Эти слова услышала случайно Евангелина, которая перед этим так же случайно увидела, как Тимофей Ерёменко несколько раз подходил к Тане. Ей это не понравилось. Не то, чтобы Тимофей был ей сильно симпатичен, но её самолюбие задело изменение поведения её подруги. Как-то слишком легко она завела дружбу с очень интересным парнем из мира, Матвеем Сабашниковым. Тепеь ещё так же без усилий начинает привлекать внимание перспективных братьев в церкви. Евангелина с детства привыкла лидировать в среде девочек в церкви. И раз их общение сужалось рамками церковных общений, то ей хотелось, чтобы это её лидерство продолжалось и дальше. Это было что-то подсознательное, с этим было очень сложно бороться. Евангелина была старше Тани Виноградовой, ей уже исполнилось девятнадцать, тогда как Тане было лишь восемнадцать. Тайной мечтой Евангелины было вырваться из глухой провинции, где они жили, и оказаться либо за границей, либо в крупном городе, где возможно и порядки церкви помягче и сама жизнь предоставляет больше возможностей. Это было одной из причин, почему она не торопилась откликаться на оказываемое братьями внимание. Даже если это был Тимофей Ерёменко или старший брат Тани Вениамин. Оба эти брата делали скромные попытки намекнуть Евангелине на возможность вступить в брак. Но она пока отклоняла эти намёки, всё же надеясь, что выпадет для неё возможность найти себе партию поинтереснее в земном плане. Однако, мысленно она держала Тимофея в запасных. Если не получится найти будущего мужа в крупном городе, она в любой момент может воспользоваться своим внешним преимуществом перед другими сёстрами и дать согласие тому же Тимофею. И тут появилась Таня Виноградова, которая, конечно, была всегда, но после общения с мирским красавчиком Матвеем Сабашниковым стала вести себя более презентабельно. Теперь она в Тане начала видеть соперницу. Соперницу добрую, простодушную, надёжную и наивную. Это чувство в ней усиливалось с самого того Дня города, когда Таня поделилась с ней случайным разговором с Матео. Евангелина немножко осуждала себя за эти мысли против подруги, но одновременно хотела как-то реализовать свои скрытые чувства.

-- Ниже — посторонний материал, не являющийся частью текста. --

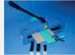
MFT 130 and MFT 250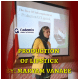
Production of Lipstick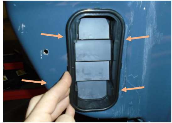
Figure 9: Air Pressure Relief Insert Removal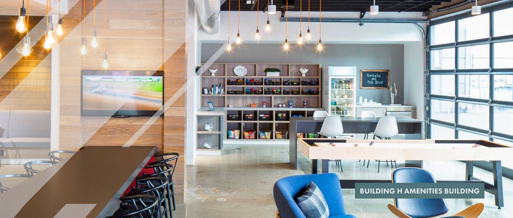
BUILDING H AMENITIES BUILDING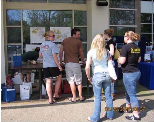
City-wide Storm Drain Marking Event Chico volunteers waiting in line for Storm drain maps and markers 4/06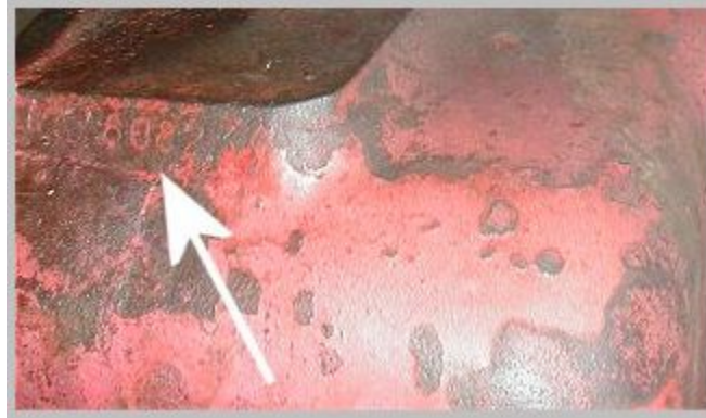
Later NAA serial number location

Serial number location on later NAA models was on the left side of the transmission case just below the flat above the starter bulge as shown in the photo below.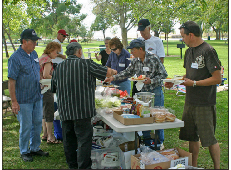
The guests lined up to get 'em.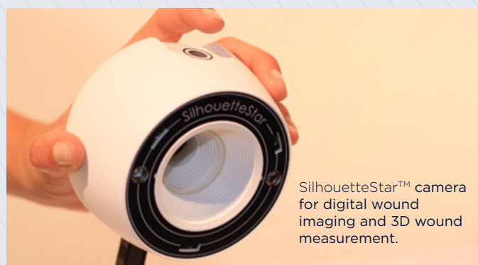
SilhouetteStar™ camera for digital wound imaging and 3D wound measurement.

The system allows the Kings Diabetic Foot Clinic team to assess and monitor, much more effectively than traditional methods, the progress of Diabetic Foot Ulcers.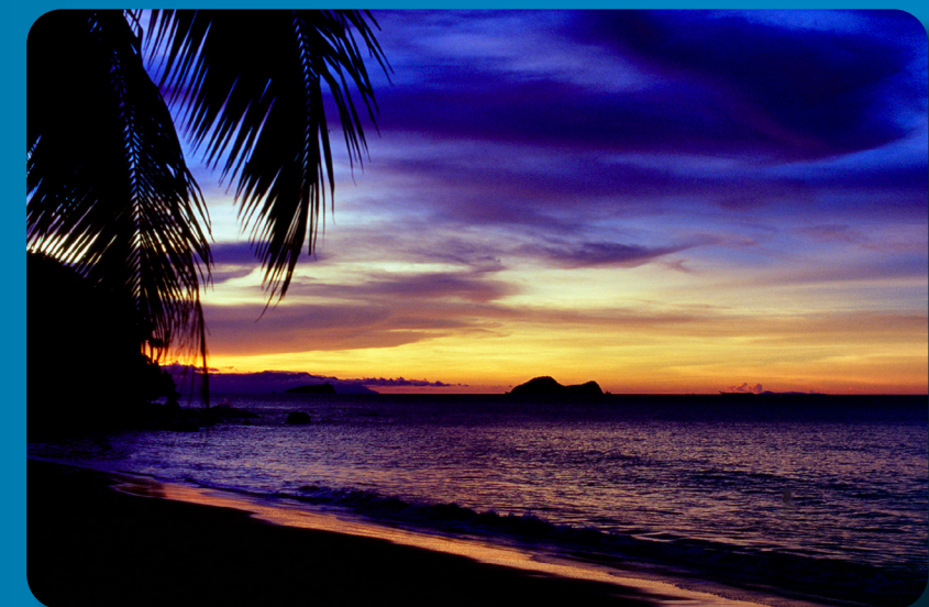
Taken from 35mm Fuji Velvia slide

I have a guide at the end of this brochure showing you how to view the slides on a TV by USB. There are also links to home or cloud streaming options.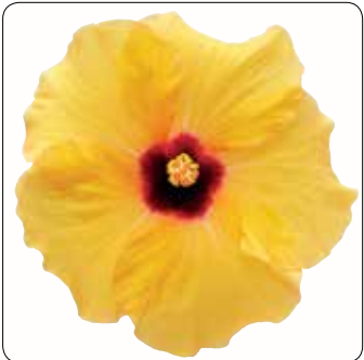
ADONICUS YELLOW ®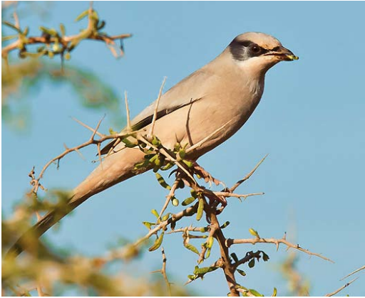
63 Hypocolius / Zijdestaart Hypocolius ampelinus , male, Cape Greco, Cyprus, 4 December 2010 (Alex Kirschel)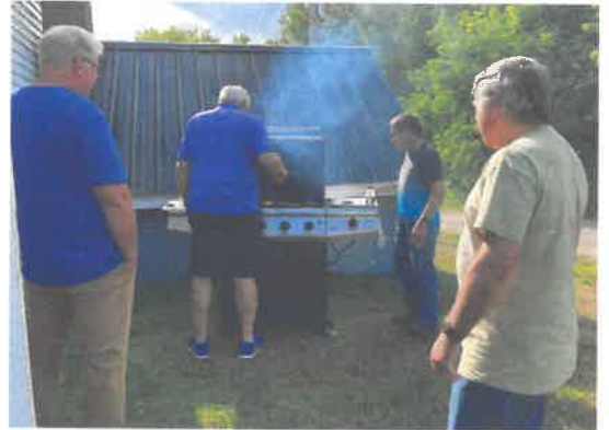
Cooking the burgers and hot dogs with lots of supervision!!

We had our church cookout on Sunday, August 11, 2019. Our United Methodist Women provided the food and the guys grilled the burgers and the hot dogs. A good time was had by all. Here are a couple of pictures of the event.

Во вторник после воскресения, в которое к Тане подходил Тимофей, она вновь пошла на репетицию к сёстрам Гурьевым. Когда немного отошла от дома, её неожиданно догнал Матео. Они поздоровались, она улыбнулась ему. Матео уже во второй раз так перехватывал её по пути, запомнив, что в это время она ходит петь гимны.
- Ничего, что я тебя так выловил? - спросил он.
- Ты вообще ведёшь себя как шпион, - смеясь, ответила Таня. - Мы с тобой можем даже не договариваться. Ты появляешься в тот момент, когда никого рядом нет.
- Я как Карлсон, который живёт на крыше, - усмехнулся он, - тот тоже прилетал к малышу неожиданно. Смотрела мультик?
- К сожалению, да, - вздохнула она.
- Почему к сожалению? Вам не давали смотреть мультики?
- Я же тебе говорила, что у нас строгие правила. Забыл? Но однажды я была у одноклассницы и у неё посмотрела.
- То есть, ты тоже была как шпион, - засмеялся Матео. - Если нельзя дома, схожу к подруге и посмотрю. Правильно! Чем полезны такие запреты? Я понимаю ещё - “Ну, погоди!” Там волк курит, хочет зайчика сожрать. А Карлсон то - милейший персонаж.
- Я всегда слушалась родителей и братьев в церкви. Там, где детские мультики, там тебе и фильмы про убийц или бандитов.
- Это тоже правда, - подытожил он. - А интернет у вас запрещён или разрешён? Там тоже всякое показывают.
- Как я поняла, братья ещё не решили. Там ведь можно выкладывать книги или показывать проповеди. То есть, везде есть и плохое и хорошее.
- Это как кухонный нож, - привёл пример Матео. - Им можно колбасу нарезать, а можно и человека заколоть.
- У нас один брат с кафедры такой же пример приводил, - немного удивилась Таня. - Он сказал про нашу греховную плоть, про земную нашу оболочку, что тело наше может творить и праведные дела, или может производить грех. И он привёл из Библии место, где сказано, что нет вещи, самой в себе нечистой. Хоть нож, хоть лопата, хоть руки человека. Всё может послужить и доброму делу и худому.
- Вот видишь? Нам ведь Бог разум какой-то дал, чтобы мы рассуждали, правильно мы используем вещи или нет. А если всё человеку запретить, он и разбираться не будет. Надо же на опыте испытать, какие последствия будут. Тогда ума немножко добавится.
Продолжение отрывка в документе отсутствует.